Instructions for the task: Beginning at the line that contains "这张2017年6月17日拍摄" and finishing at the line that contains "In this space, we", output the data below exactly. Include both end lines and no pictures.
Extracted information below:
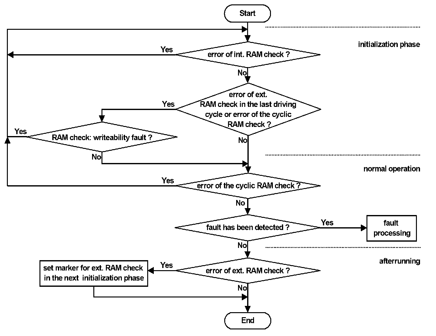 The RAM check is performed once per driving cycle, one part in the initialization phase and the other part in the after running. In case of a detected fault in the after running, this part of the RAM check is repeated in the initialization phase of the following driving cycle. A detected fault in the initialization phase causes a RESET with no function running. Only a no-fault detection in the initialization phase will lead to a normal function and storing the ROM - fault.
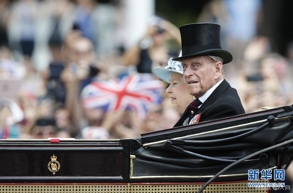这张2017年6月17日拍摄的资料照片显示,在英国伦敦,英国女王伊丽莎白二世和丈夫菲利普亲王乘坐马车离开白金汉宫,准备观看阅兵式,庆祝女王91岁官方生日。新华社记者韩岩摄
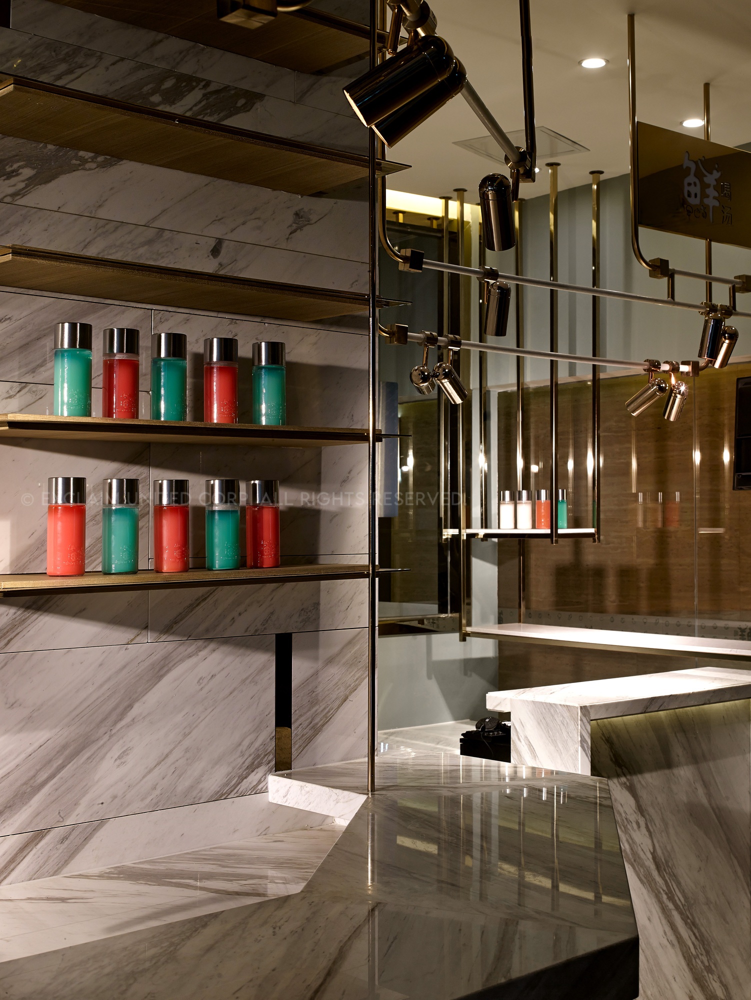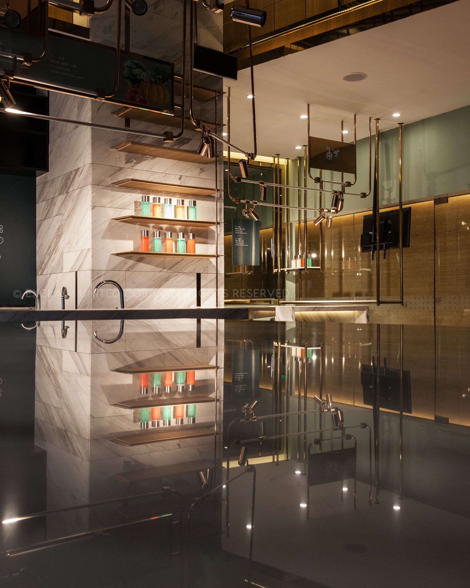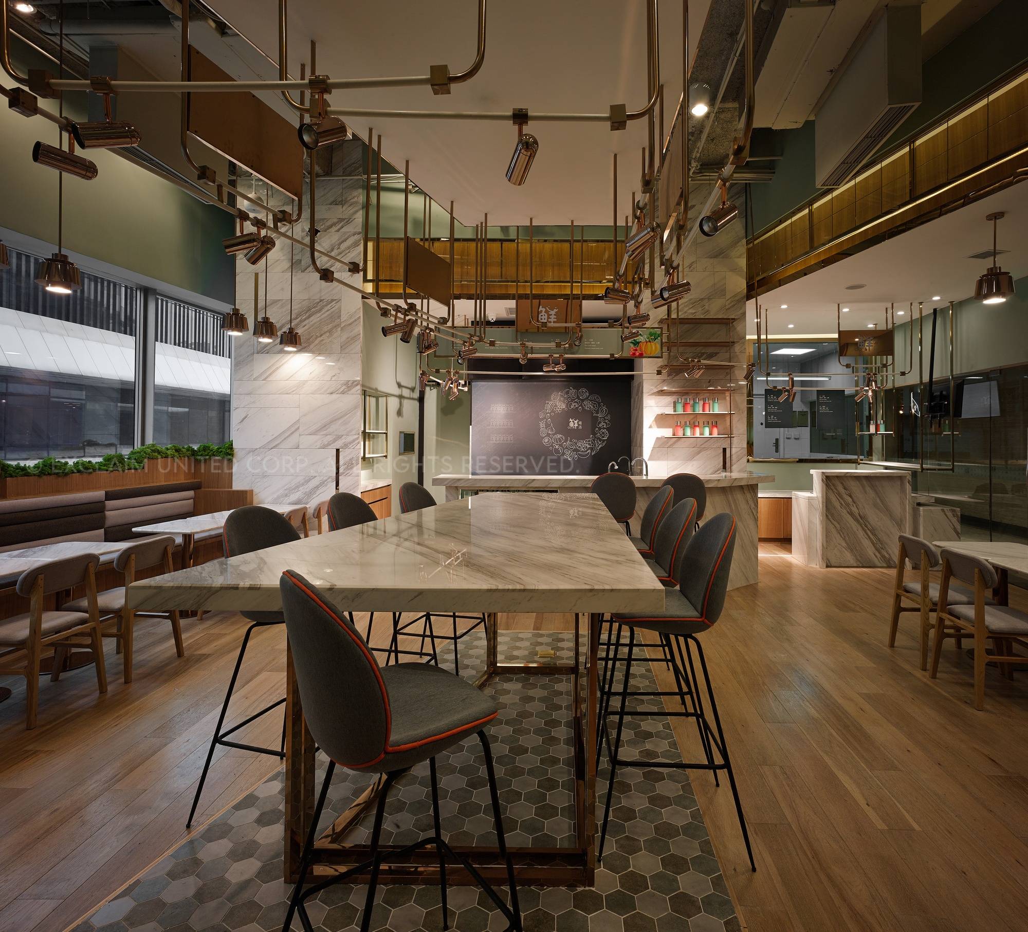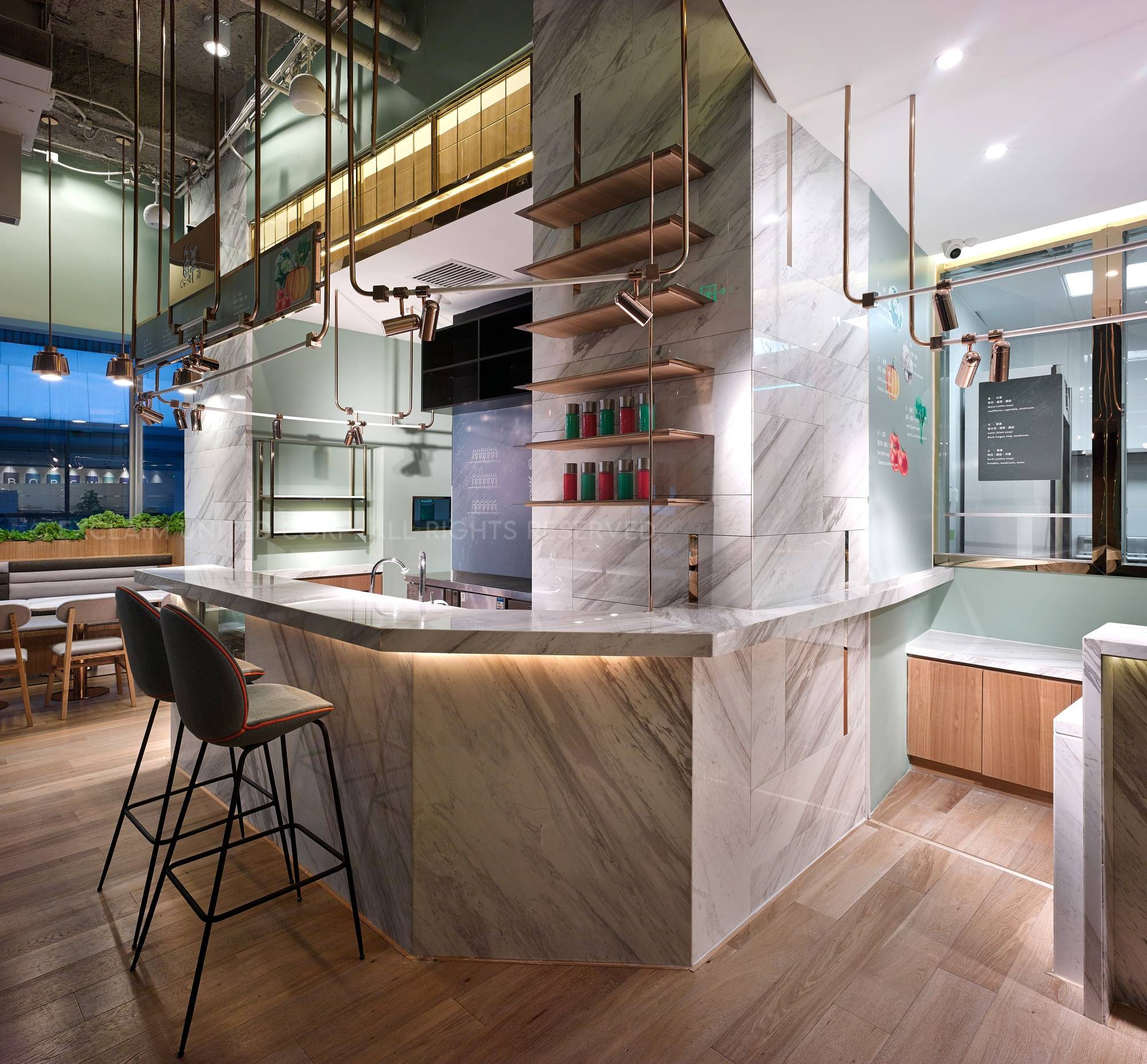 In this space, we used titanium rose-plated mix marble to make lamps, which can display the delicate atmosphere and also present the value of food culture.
End of Extracted information.
Extracted information below:
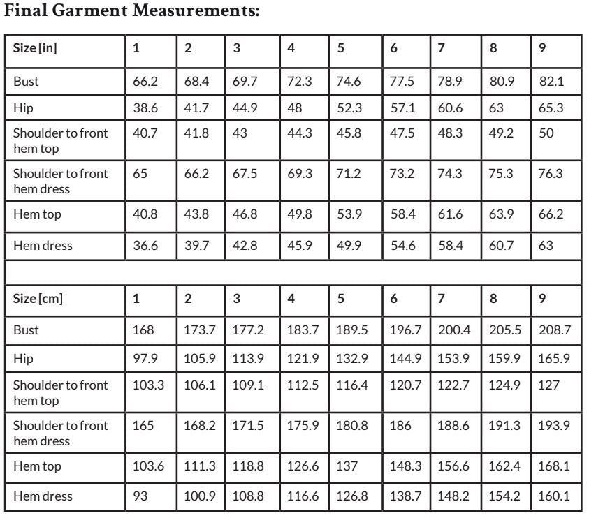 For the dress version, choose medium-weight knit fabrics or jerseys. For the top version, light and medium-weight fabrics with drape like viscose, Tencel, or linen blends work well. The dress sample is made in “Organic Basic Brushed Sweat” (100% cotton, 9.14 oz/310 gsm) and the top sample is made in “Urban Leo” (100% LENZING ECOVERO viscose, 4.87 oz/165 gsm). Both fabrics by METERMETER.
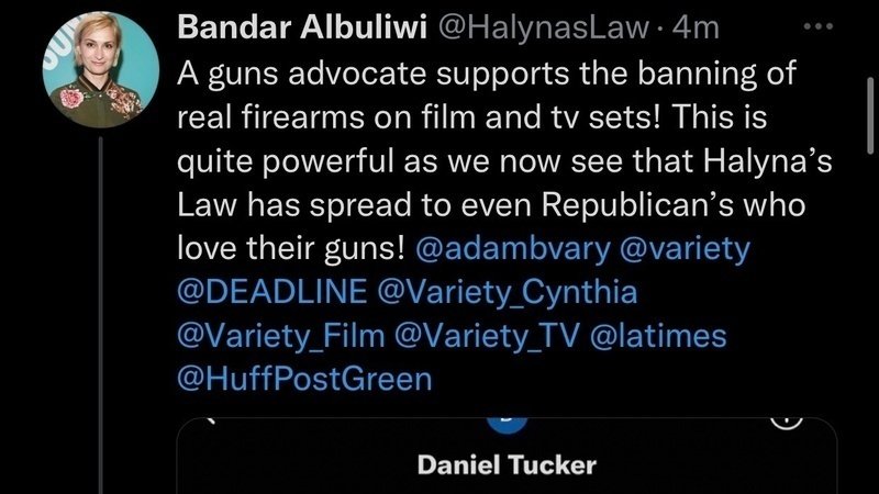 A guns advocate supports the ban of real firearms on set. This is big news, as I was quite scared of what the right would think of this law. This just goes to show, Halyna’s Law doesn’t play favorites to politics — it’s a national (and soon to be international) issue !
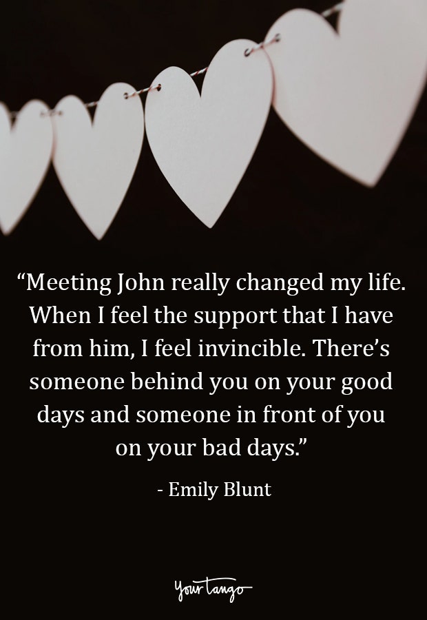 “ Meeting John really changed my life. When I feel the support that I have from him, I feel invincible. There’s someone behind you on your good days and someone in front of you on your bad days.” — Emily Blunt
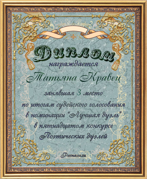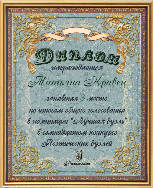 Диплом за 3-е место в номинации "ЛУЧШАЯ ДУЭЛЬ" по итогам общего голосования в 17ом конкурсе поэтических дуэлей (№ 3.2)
End of Extracted information.
Completed exercise:
这张2017年6月17日拍摄的资料照片显示,在英国伦敦,英国女王伊丽莎白二世和丈夫菲利普亲王乘坐马车离开白金汉宫,准备观看阅兵式,庆祝女王91岁官方生日。新华社记者韩岩摄
 In this space, we used titanium rose-plated mix marble to make lamps, which can display the delicate atmosphere and also present the value of food culture.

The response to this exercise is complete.